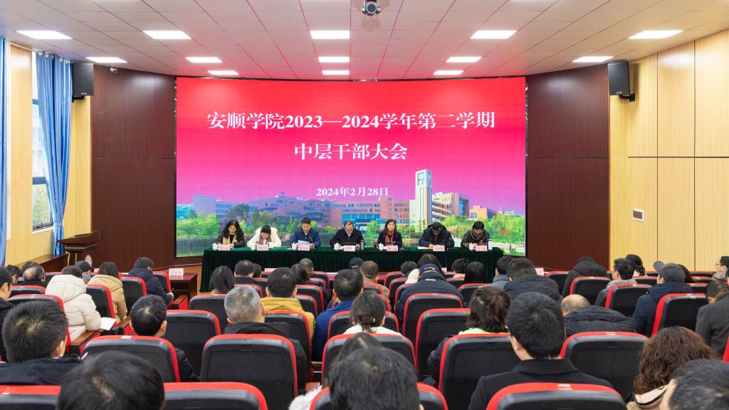 2024年2月28日上午,安顺学院2023-2024学年度第二学期中层干部大会在安道楼二楼阶梯教室召开。安顺学院校领导,全体正、副处级干部参加会议。会议由安顺学院党委副书记陶文彩主持。
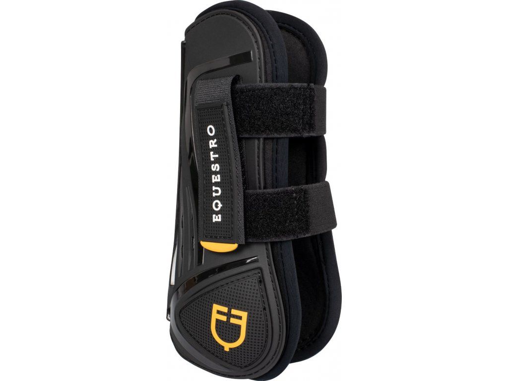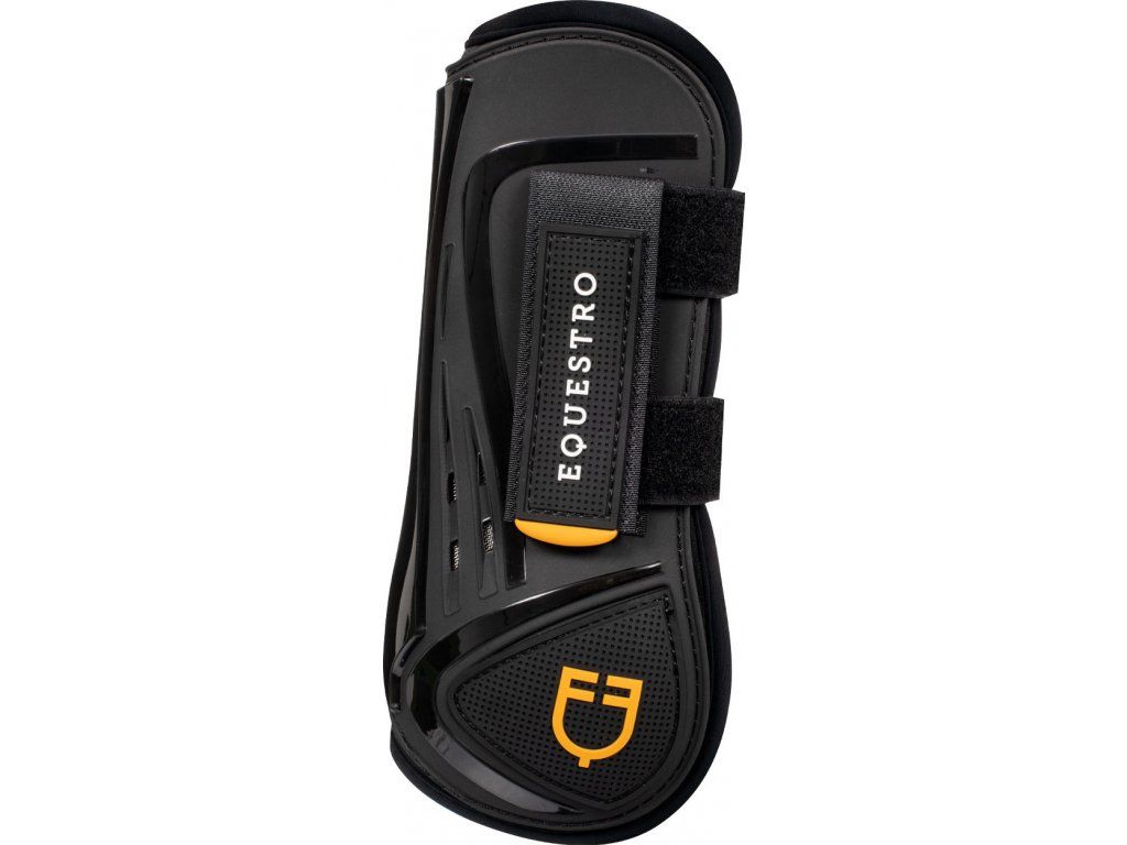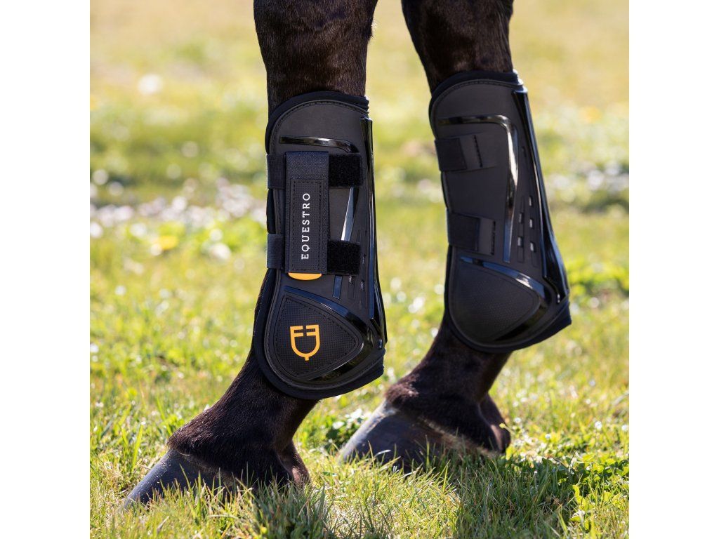 Velmi kvalitní šlachovky na přední nohy. Chrání šlachy koně před nárazy a odřením. Vyrobeny z thermoplastic polyuretanu. Neoprenová podšívka činí kamaše extrémně prodyšnými, nabízí vynikající ochranu pokožky a zabraňuje otlakům. Opatřeny ventilačními otvory, které pomáhají předcházet přehřátí šlach. Díky ergonomickému tvaru se dokonale přizpůsobí noze koně. Vybavené dvojitým zapínáním na suché zipy. Zdobené logem Equestro. Dodávané v páru. Ke kamaším lze dokoupit perfektně ladící strouhačky. K dispozici také v hnědé barvě. Vyráběny ve velikostech Pony, Cob a Full.
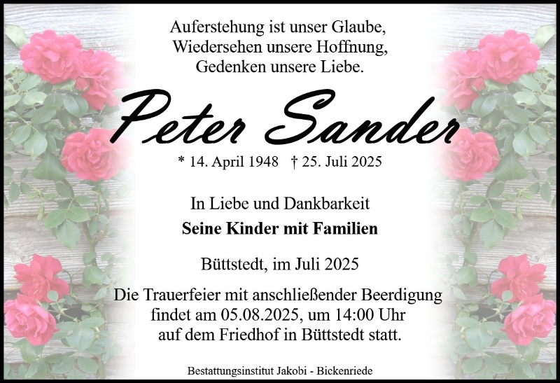 Trauerfeier mit anschließender Beerdigung, Kirchlicher Friedhof Büttstedt
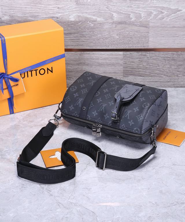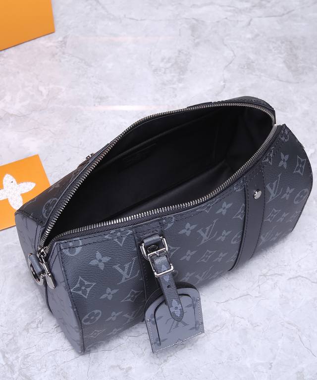 The top-grade original steel hardware Keepal travel bag concentrates on the classic configuration to create this trendy urban handbag. The side design interestingly presents the Monogram pattern with a flip effect, which cleverly echoes Kim Jones's Upside Down series in 2018. The Monogram Eclipse canvas body is paired with a detachable shoulder strap, which can be easily carried for daily needs. Monogram Eclipse and Monogram Eclipse Reverse coated canvas, cowhide trim, fabric lining, double zipper closure, large main compartment, detachable name tag, detachable, adjustable shoulder strap! ! Model: M45936; Size: 27X1 7X13Cm
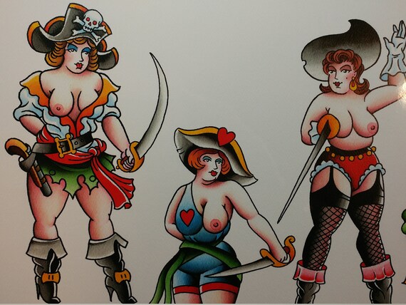 Chubby Bbw Traditional Pinup Tattoo Flash Art Print

-=-=-=-=-

WHAT YOU ARE ASKED TO DO = Please reproduce the entries from above exactly; images are not part of the copy.

ANSWER TO THIS PROBLEM =
 2024年2月28日上午,安顺学院2023-2024学年度第二学期中层干部大会在安道楼二楼阶梯教室召开。安顺学院校领导,全体正、副处级干部参加会议。会议由安顺学院党委副书记陶文彩主持。
 Velmi kvalitní šlachovky na přední nohy. Chrání šlachy koně před nárazy a odřením. Vyrobeny z thermoplastic polyuretanu. Neoprenová podšívka činí kamaše extrémně prodyšnými, nabízí vynikající ochranu pokožky a zabraňuje otlakům. Opatřeny ventilačními otvory, které pomáhají předcházet přehřátí šlach. Díky ergonomickému tvaru se dokonale přizpůsobí noze koně. Vybavené dvojitým zapínáním na suché zipy. Zdobené logem Equestro. Dodávané v páru. Ke kamaším lze dokoupit perfektně ladící strouhačky. K dispozici také v hnědé barvě. Vyráběny ve velikostech Pony, Cob a Full.
 Trauerfeier mit anschließender Beerdigung, Kirchlicher Friedhof Büttstedt
 The top-grade original steel hardware Keepal travel bag concentrates on the classic configuration to create this trendy urban handbag. The side design interestingly presents the Monogram pattern with a flip effect, which cleverly echoes Kim Jones's Upside Down series in 2018. The Monogram Eclipse canvas body is paired with a detachable shoulder strap, which can be easily carried for daily needs. Monogram Eclipse and Monogram Eclipse Reverse coated canvas, cowhide trim, fabric lining, double zipper closure, large main compartment, detachable name tag, detachable, adjustable shoulder strap! ! Model: M45936; Size: 27X1 7X13Cm
 Chubby Bbw Traditional Pinup Tattoo Flash Art Print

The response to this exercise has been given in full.